BioHeart, a Sunrise, Florida-based developer of heart muscle regeneration therapies, has lowered its IPO price range from $14-$16 per share to $6-$8 per share. It has also increased the number of shares offered from 3.575 million to 4.167 million. If it prices at the top of its revised range, the company would have an initial market cap of around $140 million. BioHeart also has changed underwriters, dropping BMO Capital Markets and Janney Montgomery Scott in favor of Merriman Curhan Ford & Co. and Dawson James Securities. It plans to trade on the Nasdaq under ticker symbol BHRT. BioHeart has raised around $40 million in VC funding since 2000, from firms like Ascent Medical Ventures, Guidant, Tyco Capital and Advent-Moro Equity Partners.

PE-Backed M&A

Alliant Insurance Services Inc., an insurance firm bought by The Blackstone Group in August, has acquired Clarity Benefit Consulting, an Atlanta-based provider of specialty consulting services in the areas of absence management and disability and life insurance. No financial terms were disclosed.

Navarro Discount Pharmacies LLC, a portfolio company of MBF Healthcare Partners, has agreed to acquire Sedano’s Pharmacy & Discount Store Inc., a drug retail company with 11 pharmacies in the South Florida market. No financial terms were disclosed.

PQ Corp., a specialty chemical company acquired in July by The Carlyle Group, has agreed to acquire INEOS Silicas, a division of INEOS. No financial terms were disclosed, except that the combined company would have annual sale revenue in excess of $1 billion. Carlyle Group will hold around a 60% stake in the company, while INEOS will hold around 40 percent. The transaction is expected to close by year-end.

Specialty Coating Systems Inc., a portfolio company of Bunker Hill Capital, has acquired the remaining interests it did not already own in Parylene Japan KK. No financial terms were disclosed. PJKK was originally formed as a joint venture between SCS and Three Bond Co. of Japan, in order to provide parylene coating services within Japan.

Firms & Funds

Citigroup said that it is combining its investment banking and alternative investments units into one division, called the Institutional Clients Group. The group will be led by Vikram Pandit, who had run alternatives since joining Citigroup from Morgan Stanley earlier this year. The I-banking division will be jointly run by existing I-banking co-head Michael Klein and James Forese, former head of global equities. Tom Maheras, who had been co-CEO of the I-banking unit, is leaving the company. John Havens was named president and CEO of alternatives.
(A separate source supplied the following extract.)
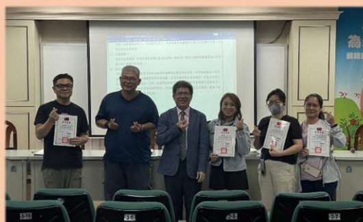
頒發常務委員當選證書

MHR Fund Management has closed its third fund with $3.5 billion, according to LBO Wire. The New York-based firm focuses on distressed opportunities in the middle-markets. Limited partners include Arcano Capital, CalPERS, the Montana Board of Investments and the New Jersey Division of Investment. Credit Suisse served as placement agent.

Human Resources

JPMorgan Chase said that it would make “modest staff reductions” in its structured credit and leveraged finance departments. No senior executives are expected to lose their jobs.

Jeff Porphy has joined Barclays Capital as a managing director of U.S. leveraged finance. He had spent the past 14 years with Credit Suisse, most recently as head of financial sponsors M&A and middle-market M&A.

Henderson Equity Partners has hired three principals for its London-based infrastructure team. They are Jasvinder Bal, formerly with Land Securities Trillium, Barclays Private Equity and Carillion Private Finance; Michael Jaffe, previously with the UBS securitization team; and Chris Tanner, who focused on project finance with PricewaterhouseCoopers.

Darry Oliver has joined Edison Venture Funds as chief financial officer. He previously was a partner and CFO of CEO Venture Fund.

Gretchen Lium has joined Headwaters MB has a managing director of strategic alliances. She previously was CEO and CFO of Westwork Partners.